> [WHAT IS EXPECTED]:
Output a faithful copy of the entries, every picture removed.

Start of INPUT DATA

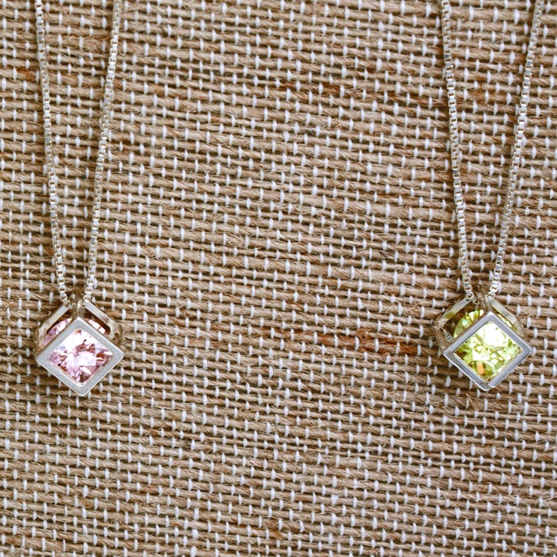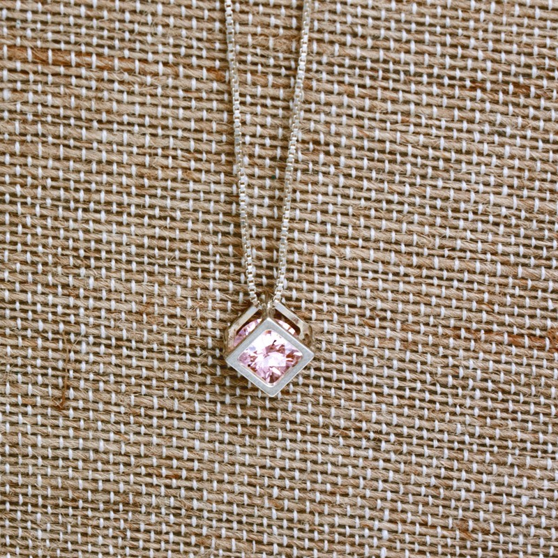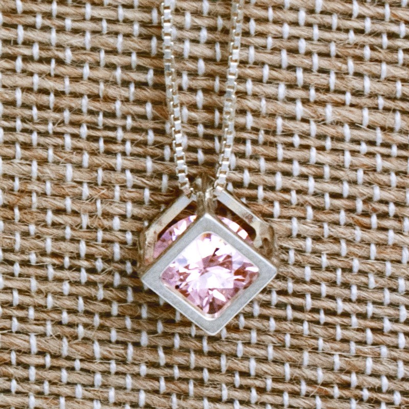 Colgante cubo con circonita en color Rose en plata de ley 925. Fabricado en España.
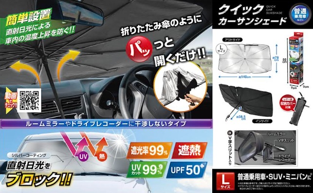 折りたたみ傘のようにパッと開くだけで簡単設置!ドライブレコーダー装着車におすすめのV字スリット入りカーサンシェードです。
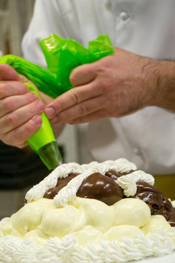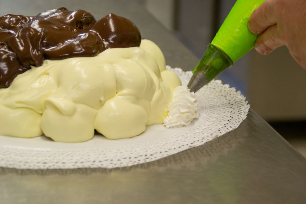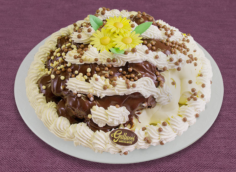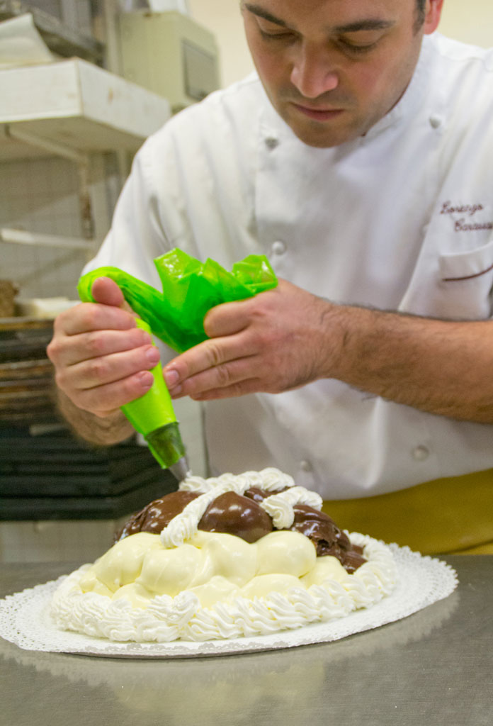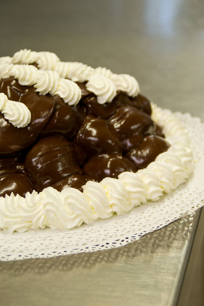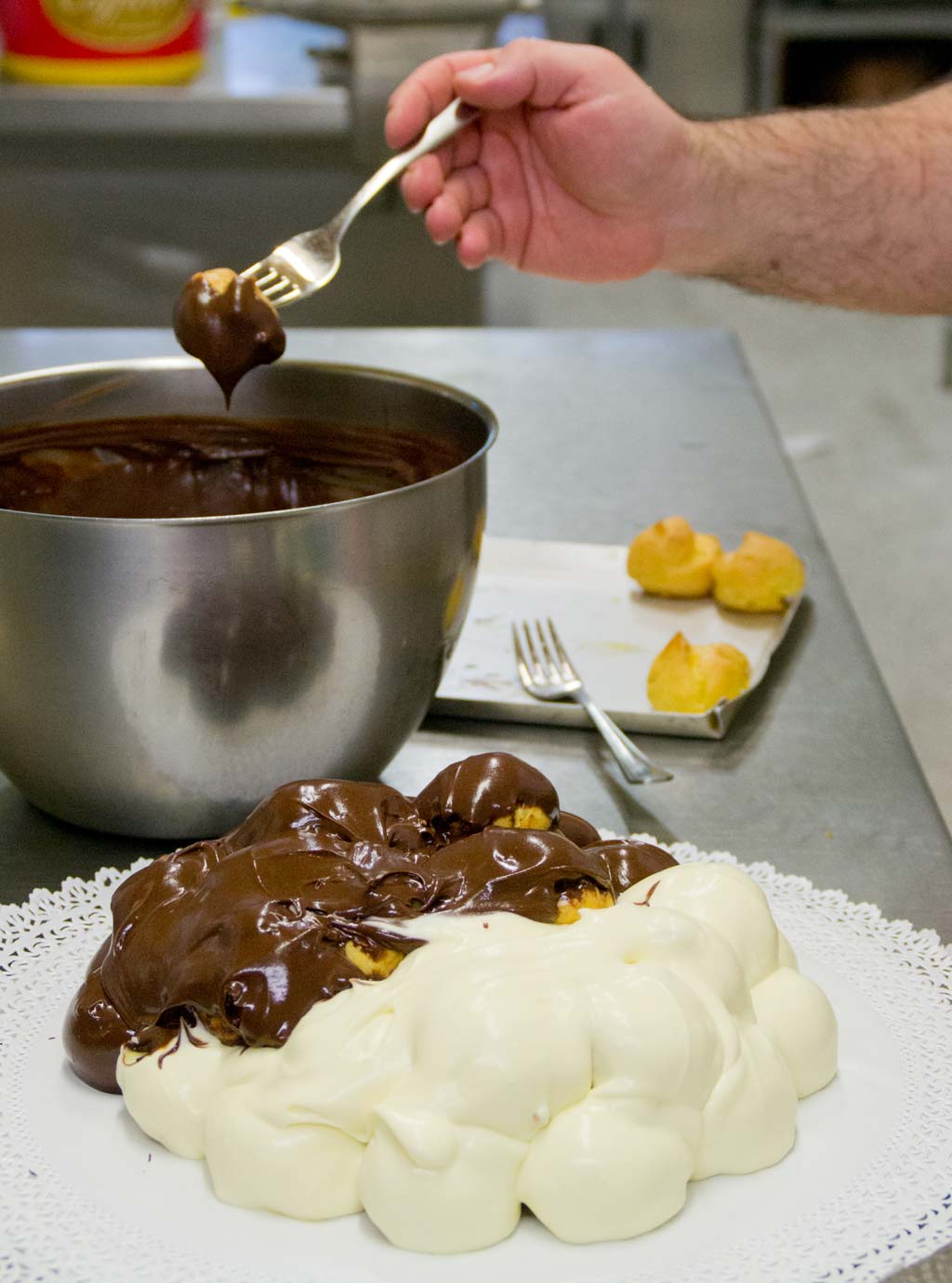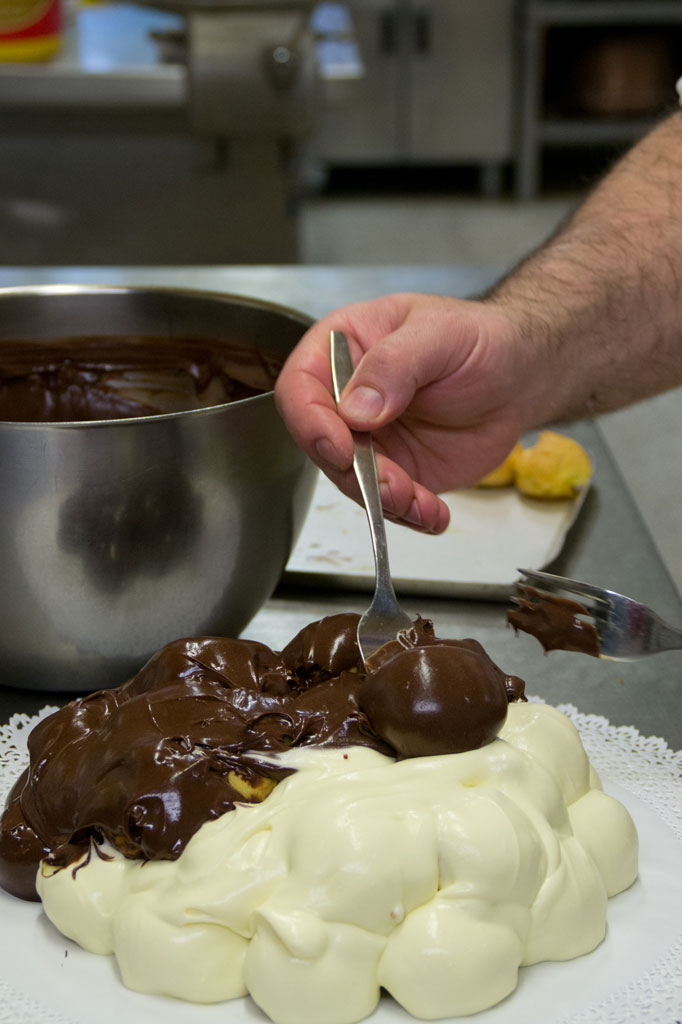 Piccoli bignè ripieni di crema pasticcera immersi nella salsa di cioccolato fondente e assemblati a piramide uno accanto all’altro nella tradizionale forma ovale.
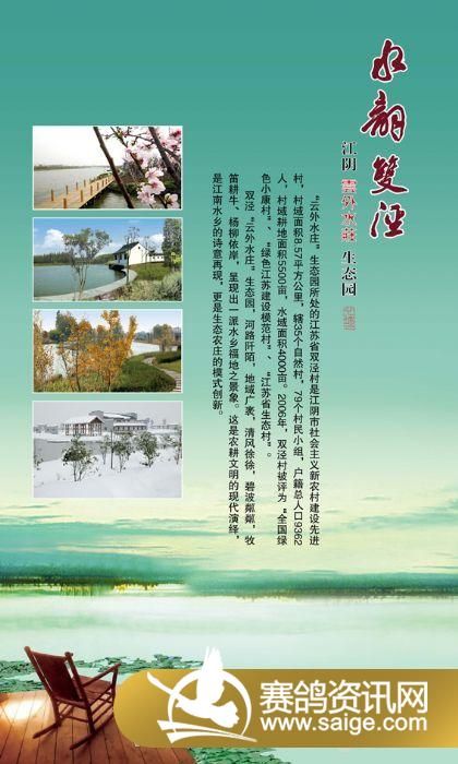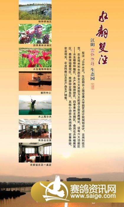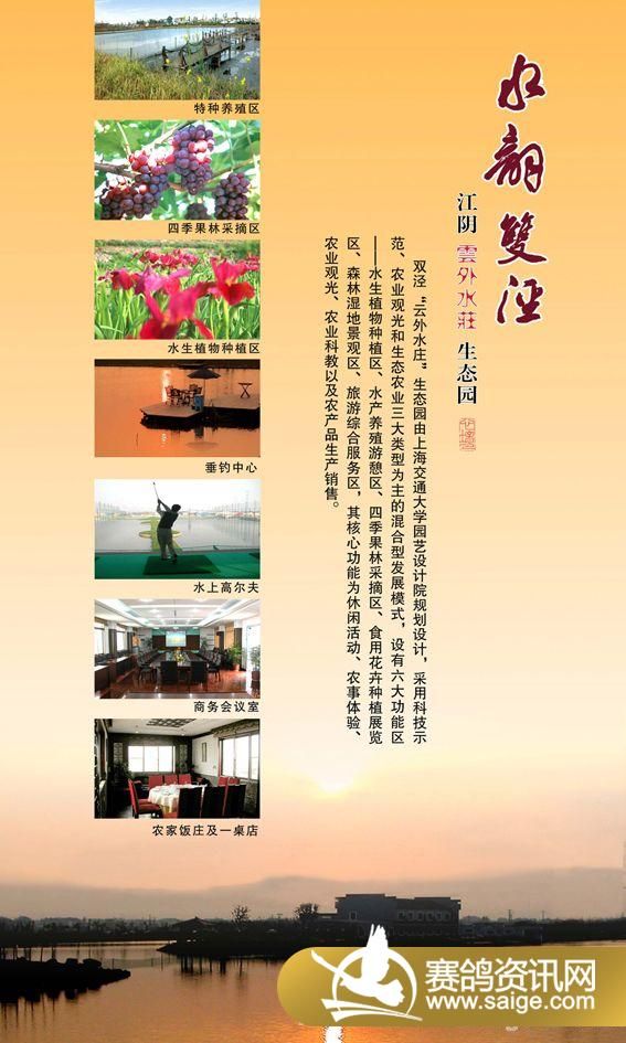 江苏江阴月城双泾云外水庄生态园位于历史悠久的江苏省江阴市月城镇双泾村,占地2500亩,地势平坦,气候宜人,是一个集生态、观光、娱乐与一体的生态园区,云外水庄赛鸽中心就坐落在这环境幽雅的生态园中。
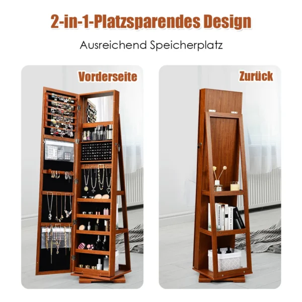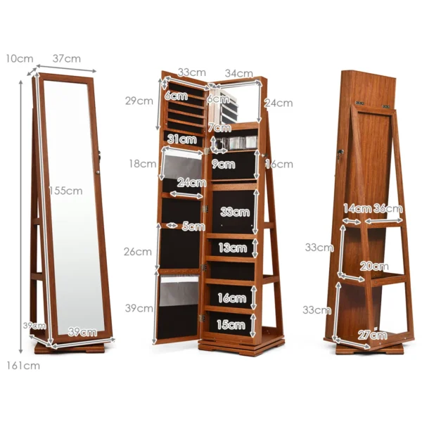 Pastatomas veidrodis-papuošalų spintelė 39x39x161cm, rudos ir juodos spalvos, skirta patogiam papuošalų ir kosmetikos laikymui. Veidrodinis paviršius leidžia matyti visą aprangą, o rakinama konstrukcija užtikrina saugumą. Dėl didelės talpos ir įvairių laikymo skyriai galite tvarkingai susidėti savo papuošalus.

End of INPUT DATA

> [YOUR SOLUTION]:
 Colgante cubo con circonita en color Rose en plata de ley 925. Fabricado en España.
 折りたたみ傘のようにパッと開くだけで簡単設置!ドライブレコーダー装着車におすすめのV字スリット入りカーサンシェードです。
 Piccoli bignè ripieni di crema pasticcera immersi nella salsa di cioccolato fondente e assemblati a piramide uno accanto all’altro nella tradizionale forma ovale.
 江苏江阴月城双泾云外水庄生态园位于历史悠久的江苏省江阴市月城镇双泾村,占地2500亩,地势平坦,气候宜人,是一个集生态、观光、娱乐与一体的生态园区,云外水庄赛鸽中心就坐落在这环境幽雅的生态园中。
 Pastatomas veidrodis-papuošalų spintelė 39x39x161cm, rudos ir juodos spalvos, skirta patogiam papuošalų ir kosmetikos laikymui. Veidrodinis paviršius leidžia matyti visą aprangą, o rakinama konstrukcija užtikrina saugumą. Dėl didelės talpos ir įvairių laikymo skyriai galite tvarkingai susidėti savo papuošalus.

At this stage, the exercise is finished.